When talking to potential customers at GitGuardian, we often get asked, "Can we use GitGuardian to automate the rotation process?" The person asking often has in mind a single-button solution that auto-magically marks an incident as resolved and handles the "other details" somehow. Those other details are exactly why this is such a hard problem for an enterprise to address and why this feature is not something you can ask a single vendor to provide.
We all want to automate things as far as possible, but the reality is that the larger the organization and the more developers touch a shared codebase, the harder this process becomes. Imagine trying to coordinate a single change throughout a complex, interdependent system deployed throughout several data centers worldwide--all without breaking anything. Now multiply this by the number of secrets you are trying to manage, and you see the real scope of the issue.
The good news is the answer to their original question is actually, "Yes, we can be part of your automation process, but..." It is entirely possible to automate your entire remediation process, but this requires a lot of work, coordination, and the right technologies to be in place before you should ever attempt this in production.
Let's look at what can happen if you try to automate remediation too soon.
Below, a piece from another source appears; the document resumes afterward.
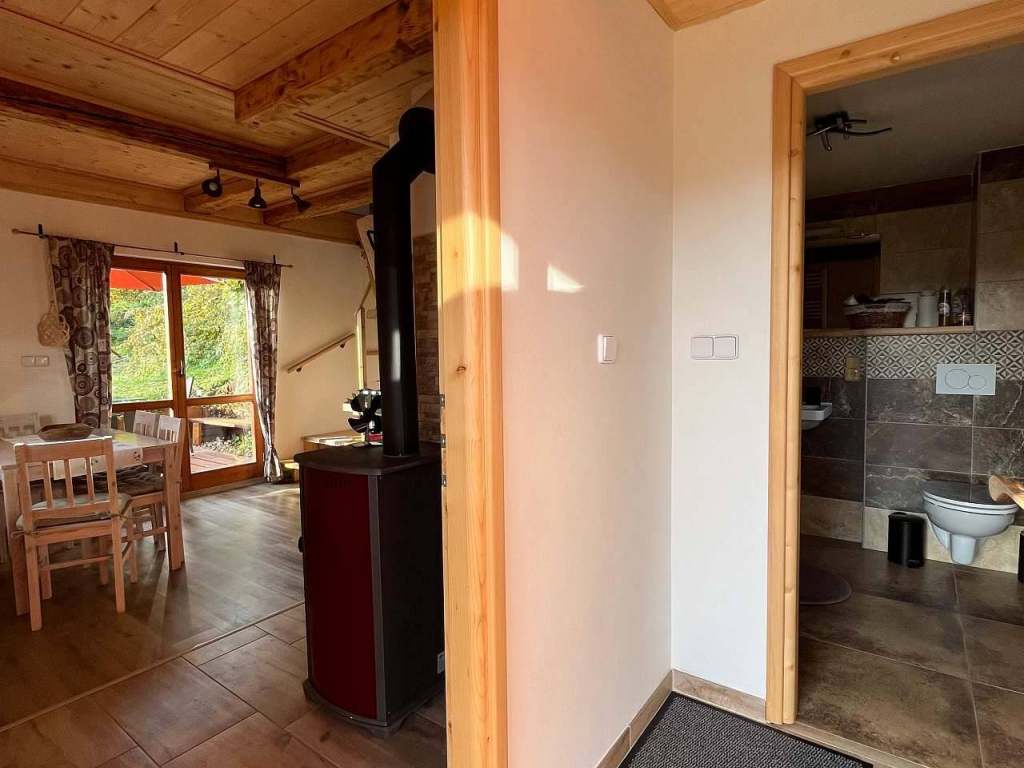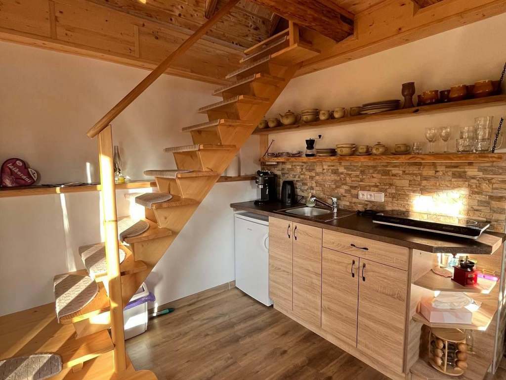 Chata je dispozičně řešena jako samostatný, malý patrový domek. V přízemí se nachází obývací prostor s kuchyní a vstupem na venkovní terasu, koupelna se sprchovým koutem a WC.

Let's also make a plan to help you go from wishing for a magic button to applying the right solutions to get you where you ultimately want to go towards complete automation of secrets rotation at scale.
What are we trying to automate with secrets?
On the surface, rotation merely replaces an existing functional credential. The deeper you look at it, though, the more steps and processes it actually takes become clear and start to add up quickly.
Rotation requires:
- Creating a new secret.
- Properly storing it.
- Potentially modifying the codebase to safely call it from the new location.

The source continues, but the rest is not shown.